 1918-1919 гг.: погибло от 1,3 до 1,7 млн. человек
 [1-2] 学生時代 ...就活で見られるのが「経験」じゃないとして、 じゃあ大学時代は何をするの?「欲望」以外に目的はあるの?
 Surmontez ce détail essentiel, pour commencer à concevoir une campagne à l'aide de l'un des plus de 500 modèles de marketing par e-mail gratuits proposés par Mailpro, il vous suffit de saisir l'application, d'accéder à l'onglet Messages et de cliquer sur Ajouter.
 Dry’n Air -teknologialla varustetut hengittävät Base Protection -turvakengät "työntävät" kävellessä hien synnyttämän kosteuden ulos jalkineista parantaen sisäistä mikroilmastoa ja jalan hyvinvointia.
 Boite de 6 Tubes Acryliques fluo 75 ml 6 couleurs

...

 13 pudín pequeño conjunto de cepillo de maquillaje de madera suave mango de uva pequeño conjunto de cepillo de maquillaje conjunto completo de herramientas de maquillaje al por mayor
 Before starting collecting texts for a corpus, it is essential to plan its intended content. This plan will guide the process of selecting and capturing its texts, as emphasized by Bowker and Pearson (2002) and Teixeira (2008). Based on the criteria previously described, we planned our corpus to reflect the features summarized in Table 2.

*PROBLEM*: Please give back exactly the lines of this listing beginning at the line with "1918-1919 гг.: погибло" and ending with the line with "Boite de 6 Tubes", both included, and nothing else.

*COMPLETED EXERCISE*:
 1918-1919 гг.: погибло от 1,3 до 1,7 млн. человек
 [1-2] 学生時代 ...就活で見られるのが「経験」じゃないとして、 じゃあ大学時代は何をするの?「欲望」以外に目的はあるの?
 Surmontez ce détail essentiel, pour commencer à concevoir une campagne à l'aide de l'un des plus de 500 modèles de marketing par e-mail gratuits proposés par Mailpro, il vous suffit de saisir l'application, d'accéder à l'onglet Messages et de cliquer sur Ajouter.
 Dry’n Air -teknologialla varustetut hengittävät Base Protection -turvakengät "työntävät" kävellessä hien synnyttämän kosteuden ulos jalkineista parantaen sisäistä mikroilmastoa ja jalan hyvinvointia.
 Boite de 6 Tubes Acryliques fluo 75 ml 6 couleurs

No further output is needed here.